9. See Revalen Dev., 358 S.W.3d at 456 (explaining that by continuing its negotiations, the defendant demonstrated its belief that a binding contract had not yet been formed).
10. See id.
11. Because no one alleged that Calvary promised to convey to Sam or to Reliant a newly constructed, tenanted building at no charge, these amounts cannot even be properly characterized as expectation damages. Cf. Westminster Falcon/Trinity L.L.P. v. Chong Shin, No. 07-11-0033-CV, 2012 WL 5231851, at *2 (Tex. App.—Amarillo Oct. 23, 2012, no pet.) (mem. op.) (“In cases where a vendor has the ability to perform, but is unwilling to do so, the measure of damages for breach of contract to sell real estate is the difference between the contract price and the market value of that property at the time of breach.”); Corpus Christi Dev. Corp. v. Carlton, 644 S.W.2d 521, 522 (Tex. App.—Corpus Christi 1982, no writ) (same); Broady v. Mitchell, 572 S.W.2d 36, 42 (Tex. Civ. App.—Houston [1st Dist.] 1978, writ ref'd n.r.e.) (same).
12. Sam and Reliant present no argument regarding the later motion to disqualify, and they do not mention the later motion's contents or the evidence on which it relied. If the two motions relied on the same arguments and evidence, then our review of one motion addresses the substance of both. If the two motions were different, then Sam and Reliant have waived review of the later motion by failing to address the arguments and evidence on which the later motion relied.

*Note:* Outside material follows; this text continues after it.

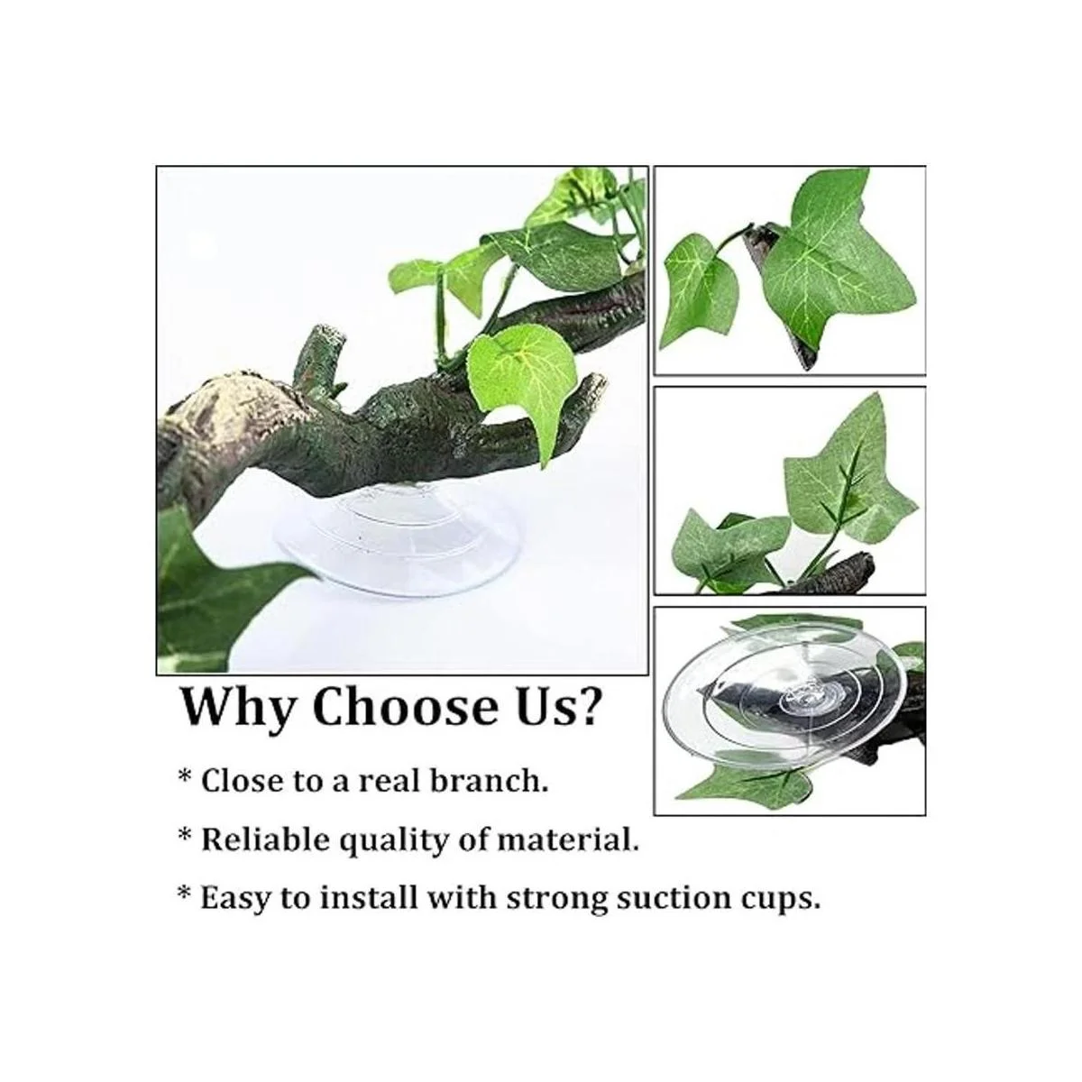 Apariencia aural: la planta del paisaje del terrario se acerca a una rama de madera real. Decorado con hojas verdes, esta decoración de plantas vívidas se ve hermosa y realista. Ponlo en el hábitat de reptiles o acuario, deja que las mascotas tengan una sensación de estar en un entorno natural, convierte tu terrario en un hermoso paisaje.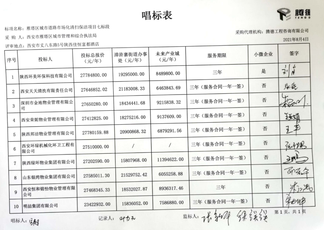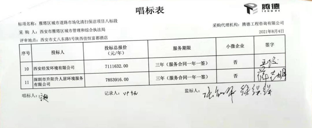 七標段共有10家投標企業(yè)參與報價,西安天天清洗有限責任公司勝出,成交價27,646,852元/年,服務期3年。

13. We speak of the Trust separately from Reliant because we have used “Reliant” as it was used in the jury charge, that is, we use “Reliant” to mean Connie Range in her capacity as trustee of the Martha Range Trust. The evidence presented in connection with Reliant's motion to disqualify Weycer Kaplan includes testimony about more distant events when Sam was the trustee or times during which we cannot identify the trustee. Thus, we use “the Trust” in this section to mean the then-current trustee of the Martha Range Trust, in that person's capacity as trustee, whether that person was Sam or Connie.
14. With regard to the Trust, Reliant goes further still, asserting that there is an “irrebut[t]able presumption” that Weycer Kaplan “protect [ed] Calvary by using the Trust's financial data to change the essential terms of the March 2012 agreement” for the sale of the property. But, as previously mentioned, the evidence supports the trial court's implied failure to find that Weycer Kaplan ever represented the Trust.
15. See, e.g., Farrar v. Hobby, 506 U.S. 103, 111–12, 113 S. Ct. 566, 121 L. Ed. 2d 494 (1992) (reviewing fees awarded under 42 U.S.C. § 1988); Green Int'l, Inc. v. Solis, 951 S.W.2d 384, 390 (Tex. 1997) (addressing attorney-fee awards under Texas Civil Practice and Remedies Code section 38.001) State Farm Life Ins. Co. v. Beaston, 907 S.W.2d 430, 437 (Tex. 1995) (discussing attorney-fee awards under Texas Civil Practice and Remedies Code section 38.001, the Deceptive Trade Practices–Consumer Protection Act, and former art. 21.21 of the Insurance Code).
16. Calvary has not challenged the jury's failure to find that Reliant breached the lease; thus, we leave intact the trial court's refusal to include in the judgment a declaration that Reliant breached the lease.